- [Recorded data]
- - - - - - -
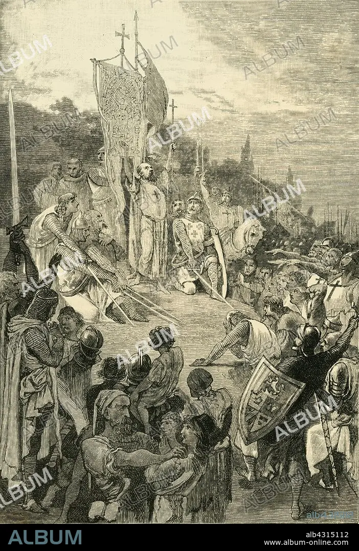 Caption: 'Peter the Hermit Preaching the First Crusade', (1095-1099), 1890. Peter the Hermit (1050-1115) priest of Amiens and key figure during the First Crusade, a military effort to recapture the Holy Land for Pope Urban II for the Byzantine Empire. From "Cassell's Illustrated Universal History, Vol. III - The Middle Ages", by Edmund Ollier. [Cassell and Company, Limited, London, Paris and Melbourne, 1890. ]
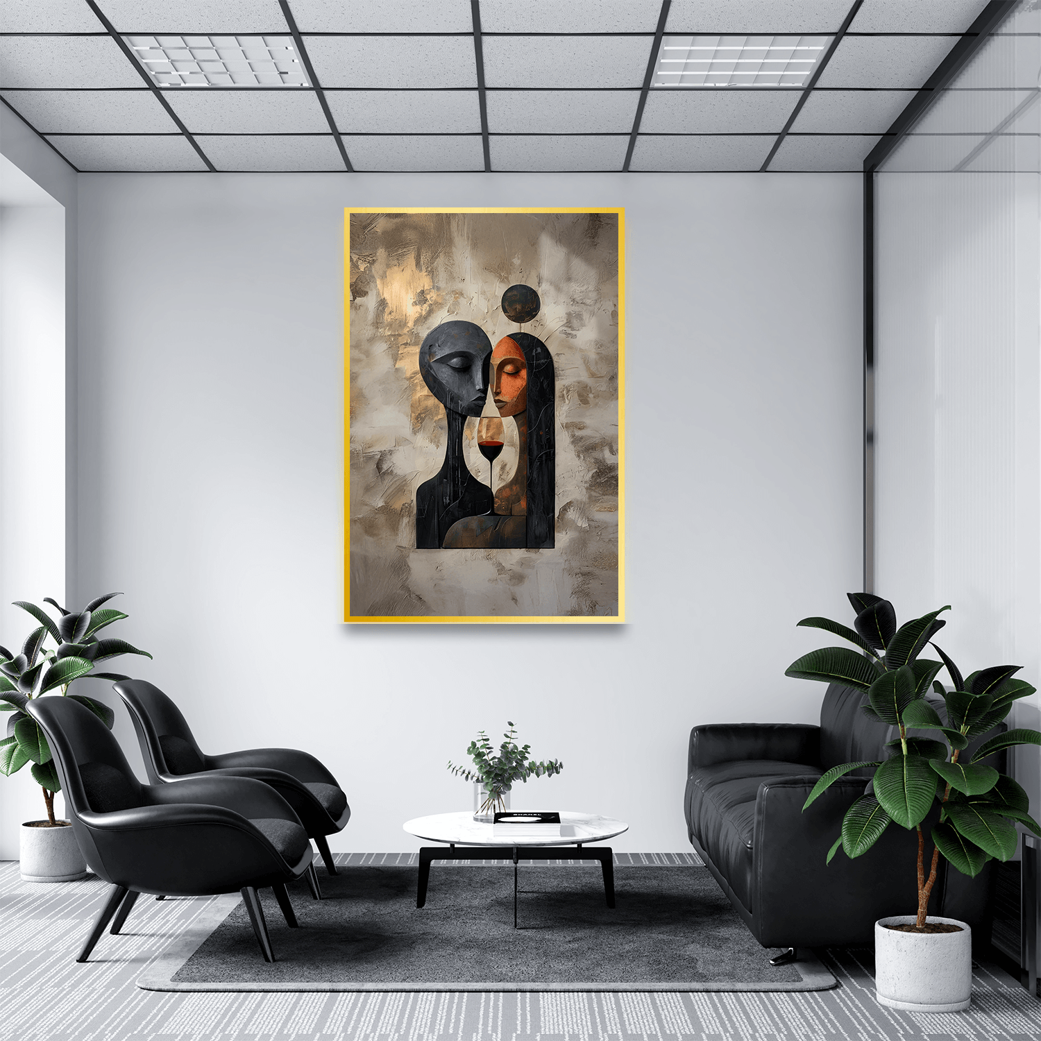 Bu tablo, ofis ortamına hem sanatsal bir şıklık hem de metaforik bir derinlik katmak isteyenler için ofis dekorasyonu için içsel temalı modern tablolar kategorisinde zarif bir tercih olur.
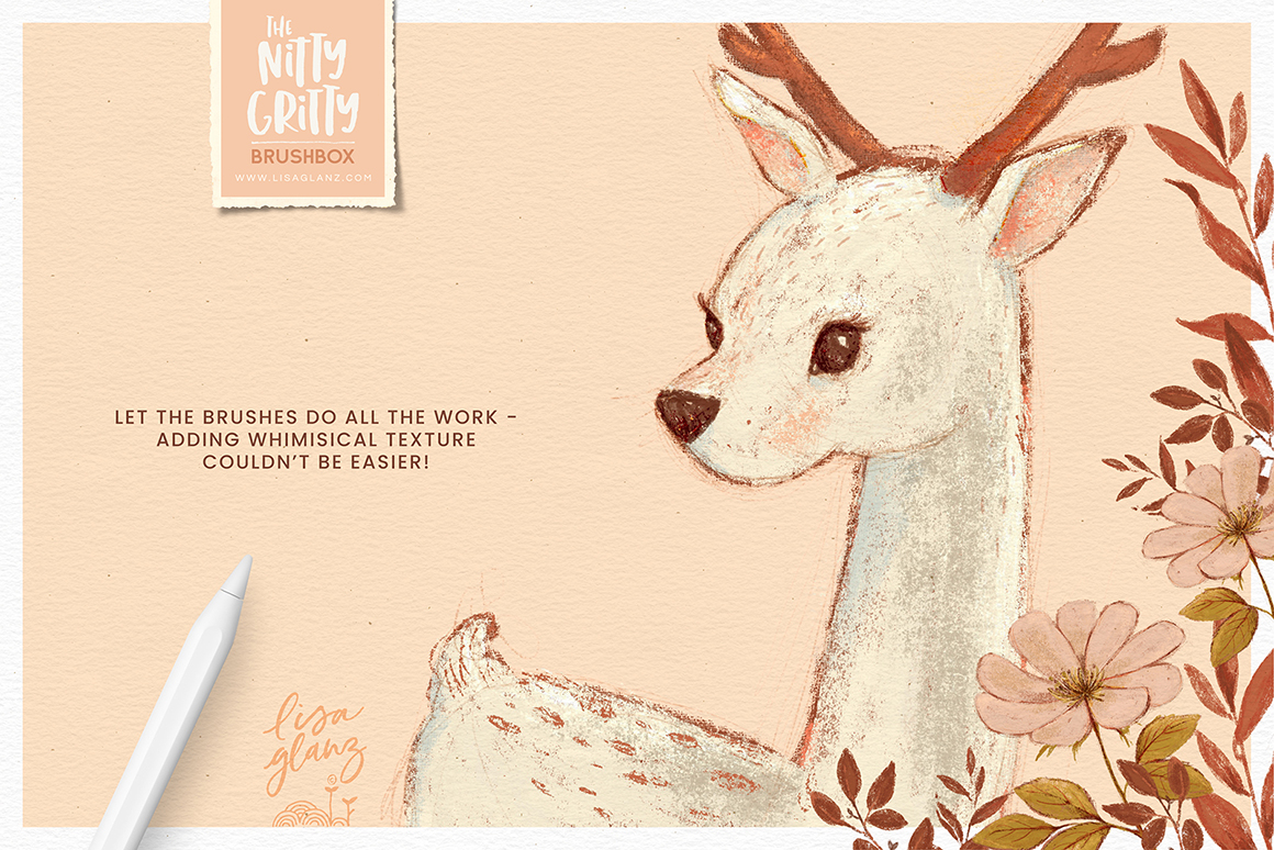 Hi Jay, So glad you’re enjoying the brushes! Here’s a link to all the tutorials available for the Nitty Gritty pack. I don’t unfortunately have one for the deer. But essentially I followed very similar steps to the bear tutorial. I started with a dark brown under the deer, then used the Smeary Grain on top using a light cream. To add more texture on top of that I used the Light Grain brush in a grey shade to create the shadow effect, then blush for the cheeks etc. Aim to create depth by layering the texture brushes. Experiment with shade variations to get interesting results. Hope that helps! If you have any other questions at all, please don’t hesitate to let me know.
- - - - - - -
- [What the exercise asks]
The listing above should be repeated word for word, with every image left out.

- [Exercise response]
 Caption: 'Peter the Hermit Preaching the First Crusade', (1095-1099), 1890. Peter the Hermit (1050-1115) priest of Amiens and key figure during the First Crusade, a military effort to recapture the Holy Land for Pope Urban II for the Byzantine Empire. From "Cassell's Illustrated Universal History, Vol. III - The Middle Ages", by Edmund Ollier. [Cassell and Company, Limited, London, Paris and Melbourne, 1890. ]
 Bu tablo, ofis ortamına hem sanatsal bir şıklık hem de metaforik bir derinlik katmak isteyenler için ofis dekorasyonu için içsel temalı modern tablolar kategorisinde zarif bir tercih olur.
 Hi Jay, So glad you’re enjoying the brushes! Here’s a link to all the tutorials available for the Nitty Gritty pack. I don’t unfortunately have one for the deer. But essentially I followed very similar steps to the bear tutorial. I started with a dark brown under the deer, then used the Smeary Grain on top using a light cream. To add more texture on top of that I used the Light Grain brush in a grey shade to create the shadow effect, then blush for the cheeks etc. Aim to create depth by layering the texture brushes. Experiment with shade variations to get interesting results. Hope that helps! If you have any other questions at all, please don’t hesitate to let me know.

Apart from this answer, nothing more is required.